Developing inexpensive, accurate, non-invasive technology for rapid detection of Dengue
Dengue poses a major public health problem in many countries around the world, including Singapore. There are an estimated 390 million dengue infections globally every year. Patients contracting dengue for a second time might get haemorrhagic fever that can result in death. There is no available vaccine which can provide stable immunity against all four variants of the virus. A rapid, inexpensive and accurate detection technology which could be used for point-of-care detection would enable faster treatment and go a long way in dealing with this common infectious disease.

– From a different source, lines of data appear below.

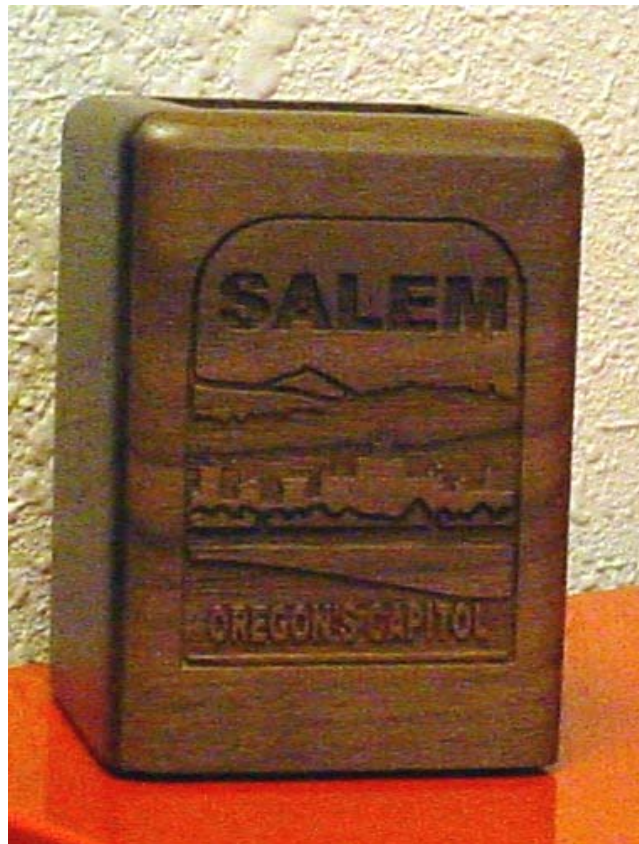
Item: Pencil/Pen Holder Eligible: Service of 10 + Years

The following are pictures of the award items.
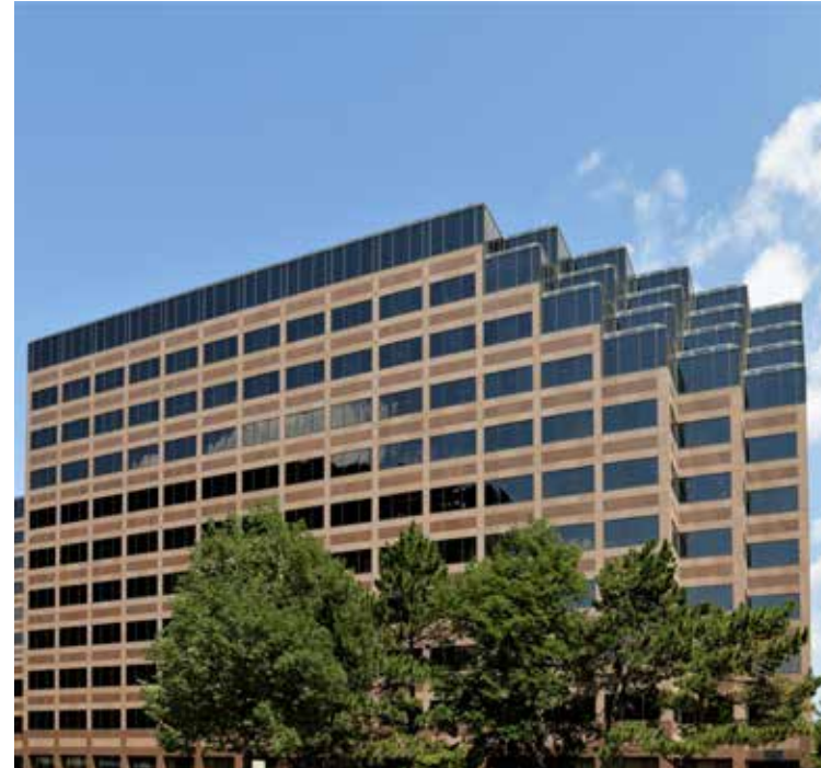
9377 W Higgins Road
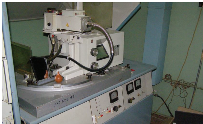
Fig. 1. DRON-UM-1 X-ray diffractometer
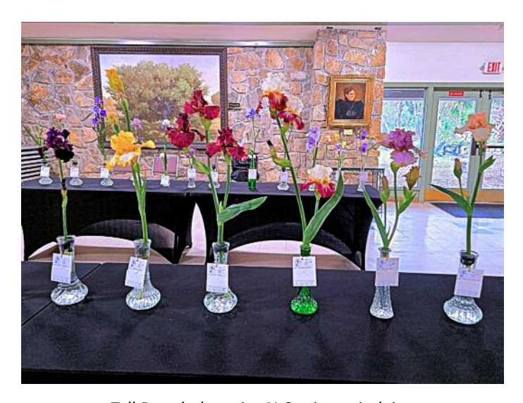
Tall Bearded entries N-S prior to judging

At EmTech Asia 2017, Professor Jackie Y. Ying (Prof. Ying's research is interdisciplinary in nature, focused on the synthesis of advanced nanostructured materials for catalytic and biomaterial applications), Executive Director, Institute of Bioengineering and Nanotechnology, A*STAR presented work being done on using nanotechnology for creating a non-invasive diagnostic device.
At some later stage, it might be possible to buy one of these easy-to-use, paper strips from your local pharmacy and conduct the test yourself at home, using saliva.
The technology involves Lateral Flow Immunoassay, where simple devices are used to detect the presence (or absence) of a target analyte in a sample without the need for specialized and costly equipment, using a series of capillary beds, such as pieces of porous paper or polymers (Common application would be the pregnancy test).
You could potentially get results within 10 minutes. However, this kind of technology is not currently widely applicable. When implemented on paper it takes a couple of hours. The team also wants to make the test as non-invasive as possible, by using saliva instead of blood samples.
The challenge with using salivary fluids is that it contains a lot of proteinaceous substances, which smudge the paper.
Prof. Ying said, “What we would like to do is to figure out a way to use nanoparticles to make paper based assays far more capable for detection of various different diseases including dengue.”
To deal with these challenges, Prof. Ying is working on a different kind of device where the sample and reagent (the substance or compound added to a system to cause a chemical reaction, or added to test if a reaction occurs) are separated to flow along two different paths.
The reagent in this case, which is nanoparticles, flows along the reagent path. The sample will flow through the sample path. And all the proteinaceous substances are filtered out on the filter paper, before it reaches the flow regulator and arrives at the test strip to react with the nanoparticles and generate results.
Uniform flow can be achieved with this technology and it gives a nice, sharp line instead of smudging the paper, like in a conventional lateral flow by the use of saliva.
Both the above tests have the control (the control shows that reaction conditions and technology are working as they are supposed to) line but only the first person has the test line, indicating dengue infection. The current technology takes around 20 minutes to provide results. Ongoing efforts are working to get it down to 10 minutes.
Prof. Ying also talked about using this type of technology for urine samples and testing using blood from finger pinpricks, reducing the volume of blood required form 100 microliters to 5 microliters. Urine sample has been found to be a potential source for detecting Zika.
In addition to infectious disease diagnosis, there could be applications in metabolic syndrome studies, kidney and liver function, detecting toxins, GMO identification and even complex genetic tests. All on a simple piece of paper.